On 30th of June, Alvaro Herrera committed patch:

Enable CHECK constraints to be declared NOT VALID
 
This means that they can initially be added to a large existing table
without checking its initial contents, but new tuples must comply to
them; a separate pass invoked by ALTER TABLE / VALIDATE can verify
existing data and ensure it complies with the constraint, at which point
it is marked validated and becomes a normal part of the table ecosystem.
 
An non-validated CHECK constraint is ignored in the planner for
constraint_exclusion purposes; when validated, cached plans are
recomputed so that partitioning starts working right away.
 
This patch also enables domains to have unvalidated CHECK constraints
attached to them as well by way of ALTER DOMAIN / ADD CONSTRAINT / NOT
VALID, which can later be validated with ALTER DOMAIN / VALIDATE
CONSTRAINT.
 
Thanks to Thom Brown, Dean Rasheed and Jaime Casanova for the various
reviews, and Robert Hass for documentation wording improvement
suggestions.
 
This patch was sponsored by Enova Financial.

Some time ago I wrote about NOT VALID FOREIGN KEYS in 9.1. Now for 9.2, we'll be getting the same mechanism for CHECK constraints.

Normally one would add check constraint with:

ALTER TABLE test ADD CHECK ( FIELD >= 0 );

But now we can do it in two steps:

ALTER TABLE test ADD CHECK ( FIELD >= 0 ) NOT VALID;
ALTER TABLE test VALIDATE CONSTRAINT test_field_check;

So. Let's see if, and if yes – why it's cool.

For tests, I created simple tables:

$ CREATE TABLE test (id serial, some_text text, FIELD int4);
NOTICE:  CREATE TABLE will CREATE implicit SEQUENCE "test_id_seq" FOR serial COLUMN "test.id"
CREATE TABLE
 
$ INSERT INTO test (some_text, FIELD)
    SELECT repeat('depesz', 50), CAST( random() * 120000 AS int4)
    FROM generate_series(1,1000000);
INSERT 0 1000000
 
$ ALTER TABLE test ADD PRIMARY KEY (id);
NOTICE:  ALTER TABLE / ADD PRIMARY KEY will CREATE implicit INDEX "test_pkey" FOR TABLE "test"
ALTER TABLE
 
$ CREATE TABLE test2 (id serial, some_text text, FIELD int4);
NOTICE:  CREATE TABLE will CREATE implicit SEQUENCE "test2_id_seq" FOR serial COLUMN "test2.id"
CREATE TABLE
 
$ INSERT INTO test2 (id, some_text, FIELD) SELECT * FROM test;
INSERT 0 1000000
 
$ ALTER TABLE test2 ADD PRIMARY KEY (id);
NOTICE:  ALTER TABLE / ADD PRIMARY KEY will CREATE implicit INDEX "test2_pkey" FOR TABLE "test2"
ALTER TABLE

Structure and data in both tables are exactly the same.
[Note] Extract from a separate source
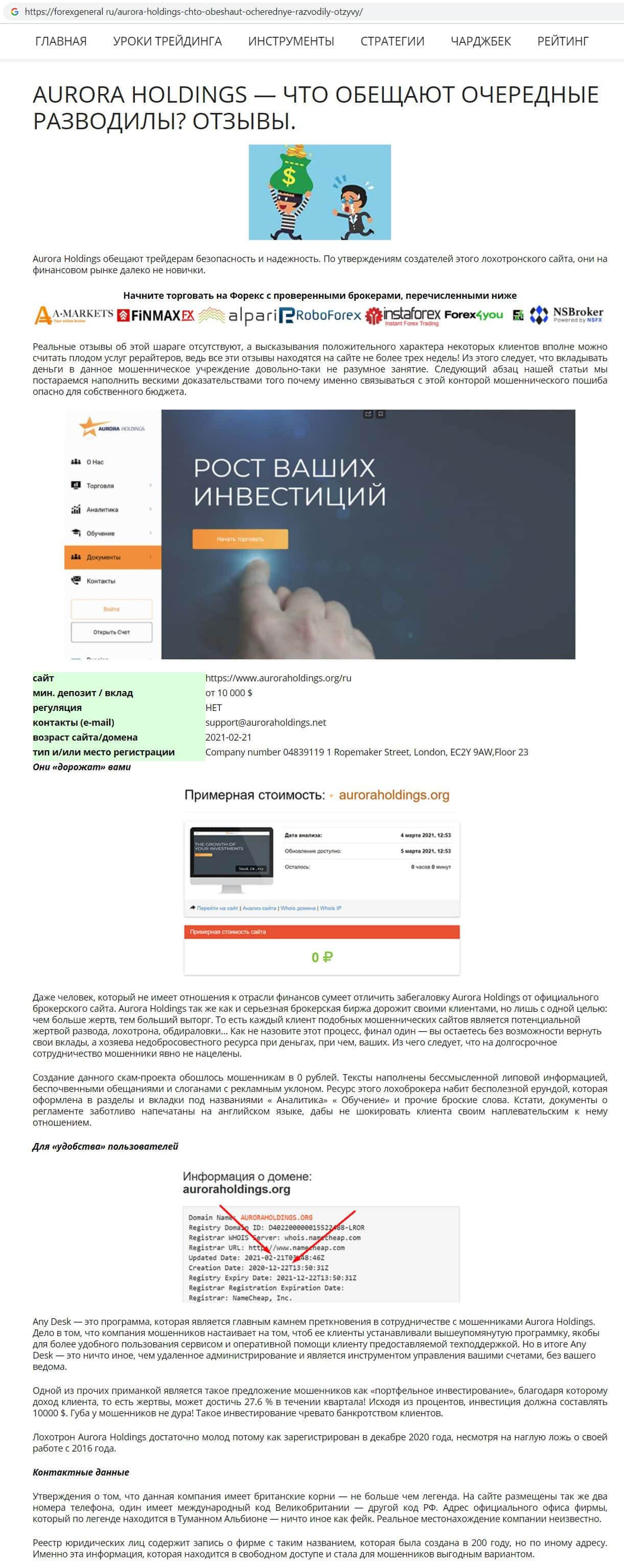 Так же сайт forexgeneral ru утверждает, что компания AuroraHoldings Org является лохотроном, который создали далеко не новички, а опытные финансовые мошенники.

Each table, with indexes and toast takes ~ 360MB.

So, let's see speed and locks:

$ BEGIN;
BEGIN
 
*$ ALTER TABLE test ADD CHECK ( FIELD >= 0 );
ALTER TABLE
TIME: 206.138 ms
 
*$ SELECT * FROM pg_locks WHERE pid = pg_backend_pid();
   locktype    | DATABASE | relation |  page  | tuple  | virtualxid | transactionid | classid | objid  | objsubid | virtualtransaction | pid  |           mode           | GRANTED
---------------+----------+----------+--------+--------+------------+---------------+---------+--------+----------+--------------------+------+--------------------------+---------
 relation      |    16404 |    26486 | [NULL] | [NULL] | [NULL]     |        [NULL] |  [NULL] | [NULL] |   [NULL] | 2/295              | 9149 | ShareUpdateExclusiveLock | t
 relation      |    16404 |    26486 | [NULL] | [NULL] | [NULL]     |        [NULL] |  [NULL] | [NULL] |   [NULL] | 2/295              | 9149 | ShareRowExclusiveLock    | t
 transactionid |   [NULL] |   [NULL] | [NULL] | [NULL] | [NULL]     |          1399 |  [NULL] | [NULL] |   [NULL] | 2/295              | 9149 | ExclusiveLock            | t
 relation      |    16404 |    11000 | [NULL] | [NULL] | [NULL]     |        [NULL] |  [NULL] | [NULL] |   [NULL] | 2/295              | 9149 | AccessShareLock          | t
 virtualxid    |   [NULL] |   [NULL] | [NULL] | [NULL] | 2/295      |        [NULL] |  [NULL] | [NULL] |   [NULL] | 2/295              | 9149 | ExclusiveLock            | t
(5 ROWS)
 
*$ SELECT 11000::regclass, 26486::regclass;
 regclass | regclass
----------+----------
 pg_locks | test
(1 ROW)

OK. It took 206ms, and for this time it took ShareUpdateExclusiveLock and ShareRowExclusiveLock locks. Which, thanks to this table we know that it conflicts with everything except Access Share and Row Share – which basically turns table into read-only.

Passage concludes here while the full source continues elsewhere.